The old church was open and empty, and Nicholas led her to sit on a pew that was at a right angle to the tomb. In silence, she watched him as he looked at the marble sculpture for a while, then ran his hands over the date and name.

At last he turned away, clasped his hands behind his back, and began to pace. “As I see it, Mistress Montgomery,” he said, “we need each the other. It is my belief that God has put us together for a reason.”

“I thought I did it with a spell,” she said, meaning it as a joke, but, actually, she was glad that he at last seemed to realize that she was not a witch.

“It is true that I believed that at first, but I have not slept since you called me into the rain and I have now had time to consider more thoroughly.”

“I called you?” she said in disbelief. “I never even thought about you, much less called you. And I can assure you that there weren’t any telephones in that field, and I certainly couldn’t shout loud enough for you to hear me.”

“Nonetheless, you did call me. You woke me with your need.”

“Oh, I see,” she said, starting to get angry. “We’re going back to your belief that I somehow, through some sort of hocus-pocus, brought you here from your grave. I can’t take this anymore.
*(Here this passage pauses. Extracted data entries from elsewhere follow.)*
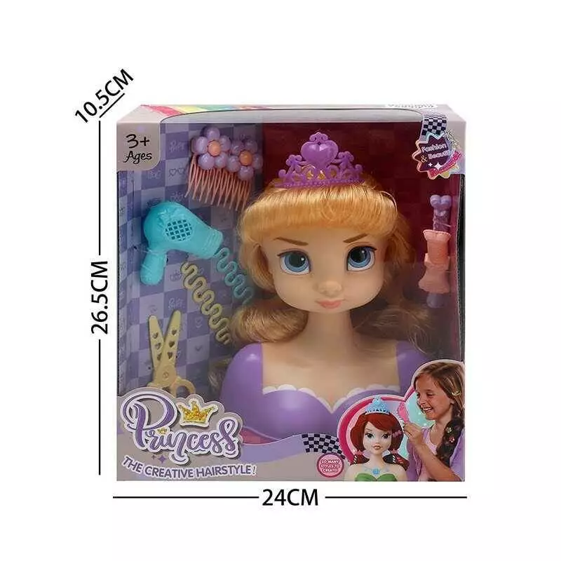 Манекен для зачісок LK 1713 G (48/2) аксесуари, корона, фен, ножиці, шпильки,в коробці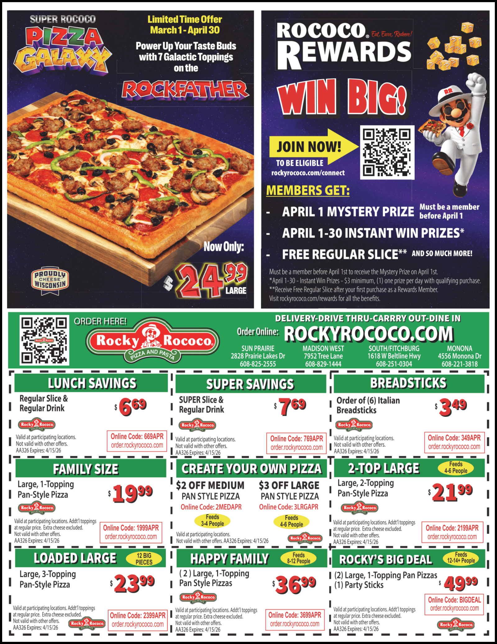 Rocky Rococo is a beloved Wisconsin-born pizza restaurant serving up pan-style pizzas, pasta, salads, and more with a focus on fresh dough and high-quality ingredients. Since its start in Madison in 1974, Rocky Rococo has grown into a go-to spot for flavorful, hand-made pizza by the slice or pie, perfect for dine-in, takeout, or catering your next gathering. Whether you’re craving cheesy slices, hearty pasta, or crispy breadsticks, Rocky’s delivers classic comfort food with a tasty twist.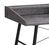This Jeremy desk will take your office to the next level. The sides of the desktop gradually rise to meet the small hutch for a sleek look. The top of the hutch doubles as a shelf, while space underneath is divided into two storage cubbies where you can tuck away small items and keep your work surface organized. Providing support and stability is a metal base that features striking design details like tapered metal legs and slender X-shaped support bars. This laptop desk or writing table has a compact design and mid-century modern style that is a great choice if you use your living room or bedroom as an office.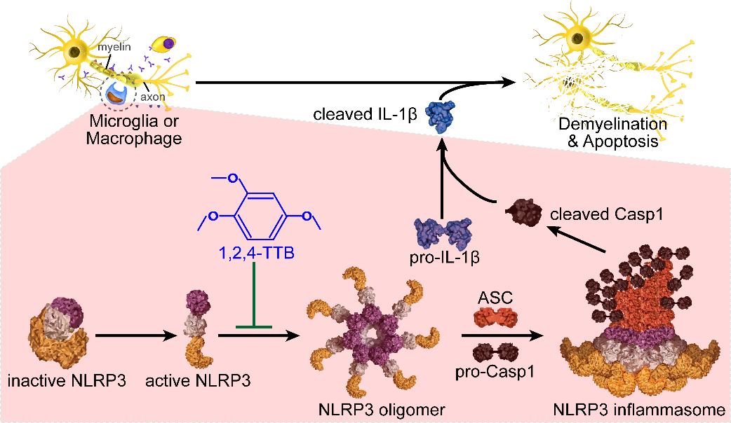 廖亚金博士与江西中医药大学张海燕老师合作,从一组精油单体化合物中筛选得到1,2,4-三甲氧基苯可以特异性抑制NLRP3炎症小体激活。细胞水平研究证实1,2,4-三甲氧基苯特异性抑制NLRP3激活,而对AIM2炎症小体的激活无显著影响。在多发性硬化症的动物模型上的研究成果进一步证实1,2,4-三甲氧基苯可以显著缓解自身免疫导致的脱髓鞘反应和后肢残疾。该抑制剂的发现为靶向NLRP3炎症小体治疗相关疾病提供了候选药物。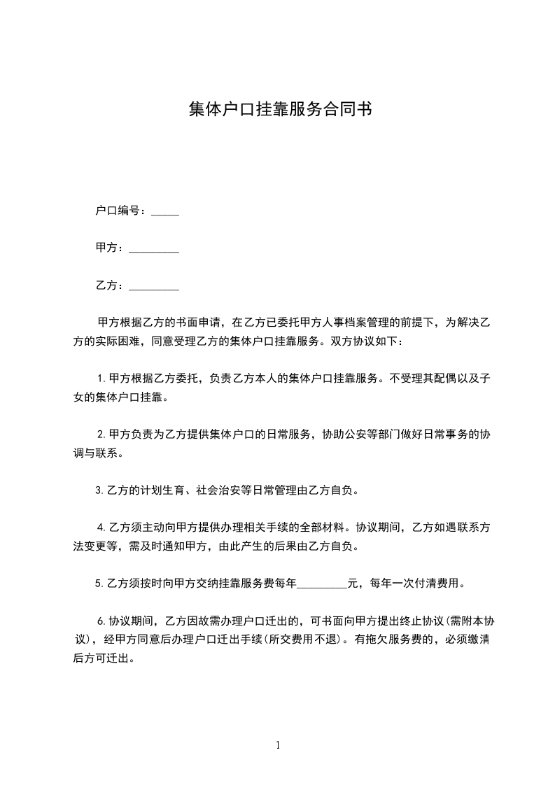 1.甲方根据乙方委托,负责乙方本人的集体户口挂靠服务。不受理其配偶以及子女的集体户口挂靠。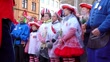 COLOGNE, GERMANY - FEBRUARY 16: (EDITOR’S NOTE: Audio/music licensing is not included.) People sing at the annual Rose Monday street parade on February 16, 2026 in Cologne, Germany. Rose Monday is the highlight of Carnival season, especially in western Germany, where parade float designers are famous for often searing and irreverent depictions of German and foreign politicians. (Footage by Elena Romanova/Getty Images)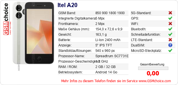 Hast du eigene Webseite? Willst du die Informationen über Standarddaten des Handys Itel A20 irgendwo veröffentlichen? Das ist sehr einfach. Du kannst das Bild herunterladen oder kopieren und auf der Webseite folgenden Code hinzufügen:Das Einfügen von diesem Code verursacht das Anzeigen von dem folgenden Bild: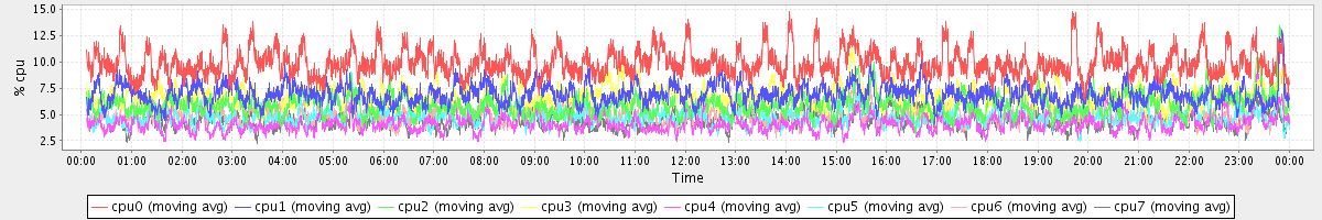 avg(cpu0) = 0.99 avg(cpu1) = 0.78 avg(cpu2) = 0.68 avg(cpu3) = 0.68 avg(cpu4) = 0.46 avg(cpu5) = 0.44 avg(cpu6) = 0.36 avg(cpu7) = 0.31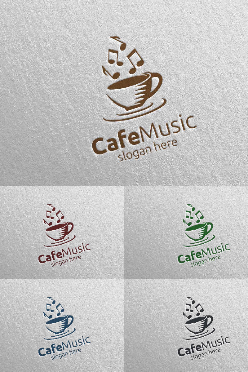 Download Шаблон логотипа "Cafe Music with Note and Cafe Concept 63 Logo Template" / Cafe Music with Note and Cafe Concept 63 Logo Template - Шаблон логотипа на тему графика music logo karaoke melody movie multimedia record voice singer note sound song play video volume audio vector compose cafe disco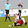 Gauti Gautason tæklar Jóhann Helga og þá láta leikmenn heyra í sér. Gauti segist bara hafa tekið boltann, en Þórsarar eru á öðru máli. Aukaspyrna sem Þórsarar fá.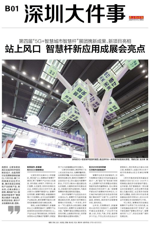 南都讯 记者张艳丽 高交会是深圳开放创新的名片,也是洞察行业发展新趋势的窗口。11月15日,第二十四届高交会拉开大幕,展示各前沿领域和产业的新产品、新业态。记者从展会上获悉,第四届“5G+智慧城市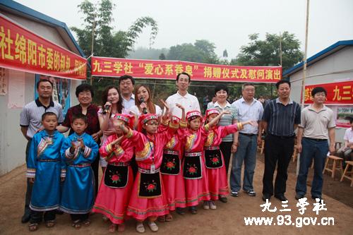 《风从羌山来》。在这首带有浓郁羌族特色的歌曲中,一场特别的慰问演出在四川省北川羌族自治县香泉乡中心小学拉开了序幕。这是九三人为灾区的孩子带来的节日礼物。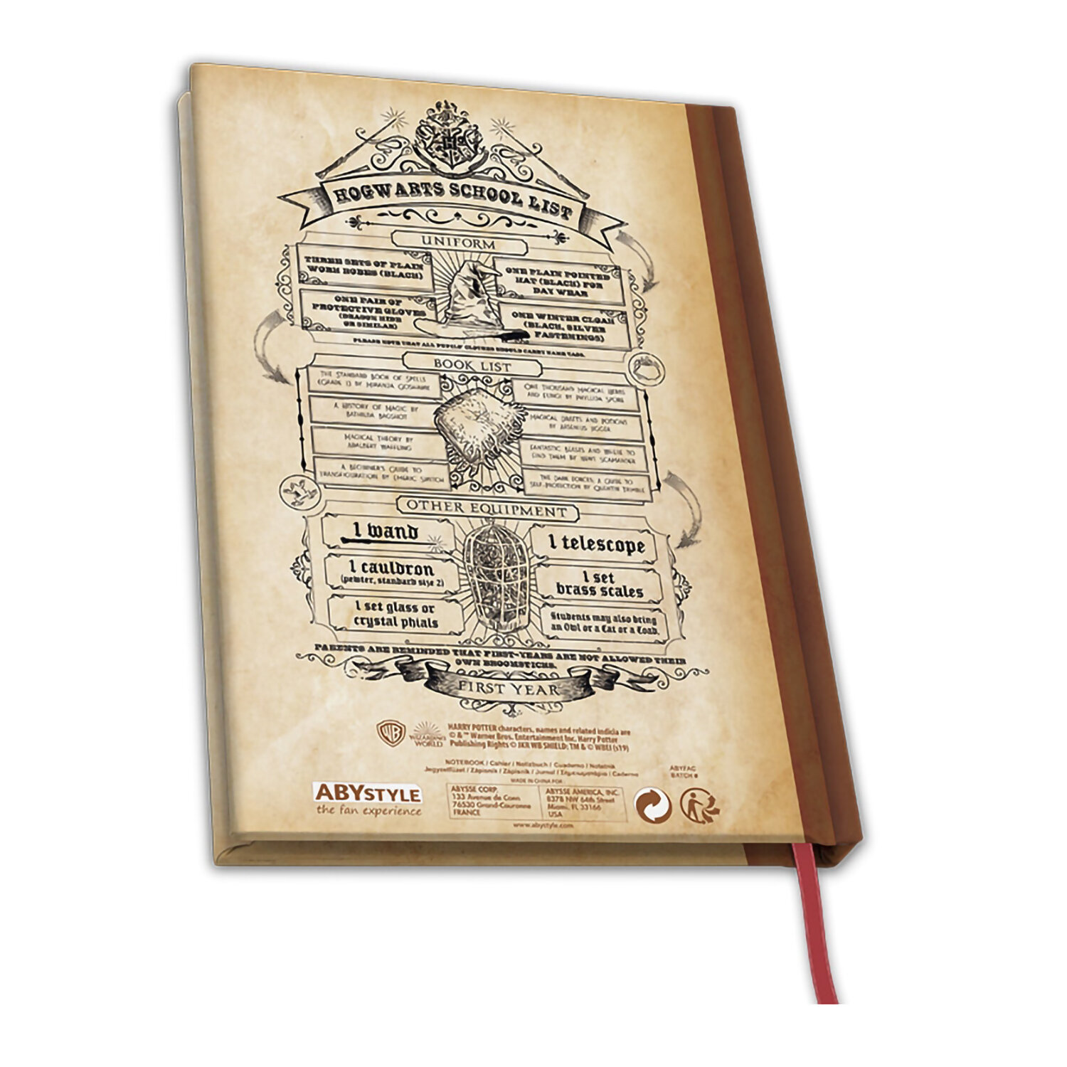 1 палочка, 1 котел (оловянный, стандартный размер 2), 1 набор стеклянных или хрустальных фиалов и эта записная книжка от ABYstyle. Теперь у вас есть все, что нужно для успешного года в Хогвартсе! Твердая обложка, матовая отделка с точечным лаком. Внутри печать высокого качества. Переплет в виде футляра и закладка.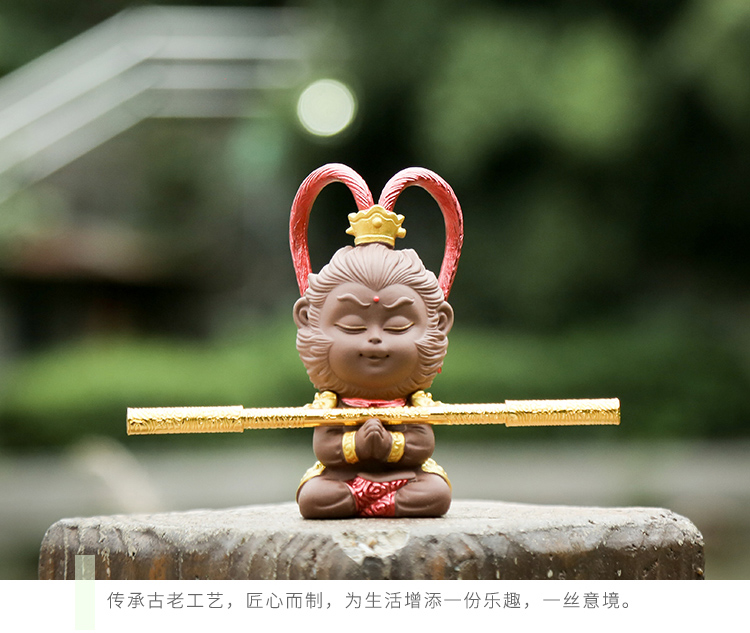 紫砂可愛茶具茶寵猴子齊天大圣孫悟空家居車載車上裝飾品擺件1入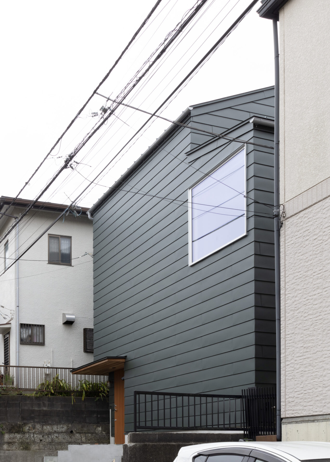 柿の木のある敷地に建つ延べ床面積25坪のコンパクトな住まいです。限られた敷地の中に柿の木を移植した小さな庭を設けました。庭を起点として吹き抜けの居間や和室を設けました。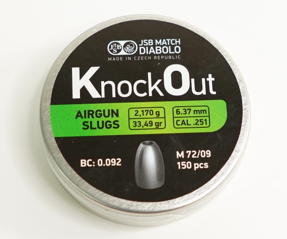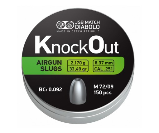Пули JSB KnockOut Slugs для пневматики калибра 6,35 мм — это тяжелые полнотелые свинцовые пули от чешского производителя JSB. Экспансивная пуля относится к классу охотничьих, обладает высокой проникающей способностью и отличной баллистикой. Пули в количестве 150 штук средним весом 2,170 грамм.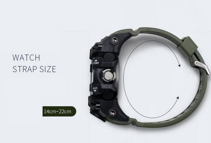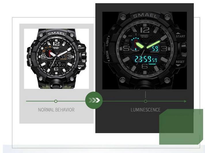Mäns Klocka: Appellerar män, speciellt för dem som gillar att göra sport. Stötmotstånd, stoppklocka, militär 24H-tidsläge och LED-bakljus gör den perfekt för all sport och daglig användning.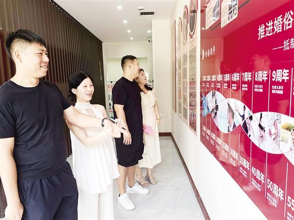 近年來,沈丘縣加大精神文明建設(shè)力度,通過舉辦文化大講堂等活動(dòng),在廣大群眾中形成“天價(jià)彩禮不可取,鋪張浪費(fèi)最可恥,陳規(guī)陋習(xí)危害大”的共識,許多年輕人在耳濡目染中受到熏陶,新事新辦蔚然成風(fēng)。圖為8月29日,農(nóng)歷七月初七,結(jié)婚登記的新人在婚史展板前駐足。

I’m leaving,” she said as she started to stand up.

But before she could move, he was in front of her, one hand on the high arm of the pew, the other on the back, his big body pinning her to her seat. “It matters not to me whether you believe or not,” he said, his face near hers, his eyebrows drawn together. “Yesterday morn when I woke it was the year of our Lord 1564, and this morn it was . . .”

“Nineteen eighty-eight,” she whispered up at him.

“Aye,” he said, “over four hundred years later. And you, witch, are the key to my being here and to my returning.”

“Believe me, I’d send you back if I could,” she said, her mouth a hard line. “I have enough problems of my own without having to take care of—”

He leaned so close to her face that his nose nearly touched hers, and she could feel the heat of his anger. “You could not dare to say that you must care for me. It is I who must pull you from fields in the dead of night.”

“It was just the one time only,” Dougless said weakly, then sat back against the pew. “Okay,” she said with a sigh, “how did you hear my . . . need, as you call it?”

He dropped his arms from the pew, then went back to look down at the tomb. “There is a bond between us,” he said quietly. “Mayhap it is an unholy bond, but it is there. I was awakened during the night with your calling of me. I did not hear words, but nonetheless, I heard you calling me. The . . . feel of the call woke me, so I followed it to find you.”

Dougless was silent for a moment. She knew that what he said had to be true because there was no other explanation for how he’d found her. “Are you saying that you think there’s some kind of mental telepathy between us?”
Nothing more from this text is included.